Navigate to the /tmp directory and remove Rafay controller package folders:

cd /tmp
sudo rm -rf radm.log rafay-dep rafay-cluster rafay-core istio

2. Backup Configuration

Create a backup of the existing configuration:

mkdir -p /home/controller/backup
mv config.yaml /home/controller/backup/config.yaml-2.12

Upgrade Process

1. Download and Prepare Upgrade Package

  1. Download the airgap setup binary from the URL provided by the support team:

    wget <airgap_upgrade_package>
    

    Download Tip

    The package is around 30 GB and may take ~15 minutes to download with wget.
    For faster downloads, use aria2c, which supports parallel connections:

    time aria2c -x 16 <URL_of_airgap_installation_package>
    
    This can significantly reduce download time by using up to 16 connections.

  2. Extract the package:

    tar -xf <airgap_upgrade_package>
    

    Extraction Tip

    To speed up extraction of large files (like the ~30GB air-gapped package), you can use pigz.

    If pigz is installed, use the following command instead to significantly reduce untar time:

    tar -I pigz -xvf <name-of-downloaded-package>.tar.gz
    

    pigz leverages multiple CPU cores to accelerate the decompression process.

    On Ubuntu, you can install pigz using:

    sudo apt install pigz
    
  3. Copy and configure the new config.yaml:

    cp -rp config.yaml-airgap-tmpl config.yaml
    

2. Validate Configuration for Upgrade

Before proceeding, ensure the following:

  1. Compare the new config.yaml with your previous version's configuration
  2. Update the archive-directory path in the config file to point to the correct location of your upgrade tar ball
  3. Verify that all other configuration parameters match your previous setup

Compare your previous config with the new one and ensure the following settings are present, particularly checking that the archive-directory path points to your upgrade tar ball location:

spec:
  deployment:
    ha: true  # Set to true for HA controller
  repo:
    archive-directory: /path/to/upgradetar/location  # Update this path to your upgrade tar ball location
    unarchive-path: /tmp
  app-config:
    generate-self-signed-certs: true  # If using self-signed certificates
    partner:
      star-domain: "*.example.com"

Configuration Verification

Double-check that the archive-directory path correctly points to where your upgrade tar ball is located, as RADM will use this path to access the configuration files during the upgrade process.


3. Controller Upgrade Steps

About radm

radm is a Go-based CLI tool used to manage the full lifecycle of a Rafay air-gapped controller.
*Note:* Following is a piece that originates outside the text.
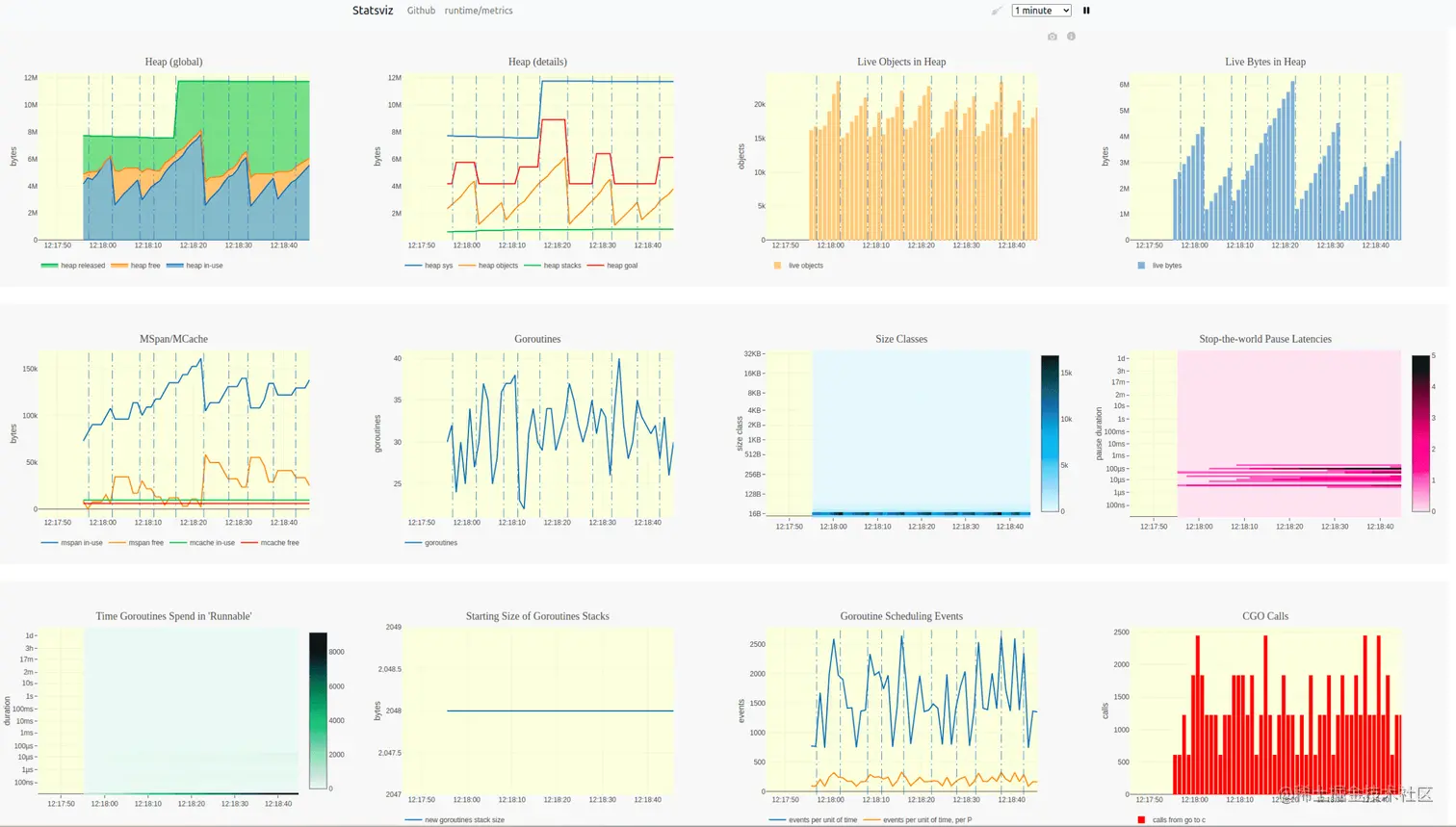 14、statsviz:实时展示 Go 程序运行时指标的 Web 应用。该项目通过图表可视化的方式,实时展示 Go 程序运行时的堆、对象、Goroutines、MSpan/MCache 等信息。

It handles both initial installation and subsequent upgrades of the controller, including infrastructure add-ons, Kubernetes cluster management, software provisioning, and ongoing maintenance. During upgrades, radm manages the process of updating controller components, dependencies, and cluster configurations while maintaining system stability.

  1. Copy the new RADM binary:

    sudo cp radm /usr/bin/
    
  2. Upgrade dependencies:

    sudo radm dependency --config config.yaml
    
  3. Remove the old assets deployment:

    kubectl delete deploy -n rafay-core rafay-core-rafay-assets
    
  4. Upgrade the application:

    sudo radm application --config config.yaml
    

4. Verify Clusters

Check if all clusters are healthy and accessible after the controller upgrade. Here are different ways to verify:

  1. Through the Rafay UI Console:
  2. Navigate to the Clusters page
  3. Verify all clusters show as "Healthy" status
  4. Test kubectl operations through the UI console

  5. For MKS clusters, you can perform additional verification:

    # Check MKS cluster connectivity
    kubectl exec -it -n rafay-core infra-salt-orchestrator-0 bash
    salt '*' test.ping
    

    MKS Cluster Verification

    The salt '*' test.ping command will show all MKS clusters that are currently connected to the controller. This verification is crucial to ensure no cluster connections were lost during the upgrade process.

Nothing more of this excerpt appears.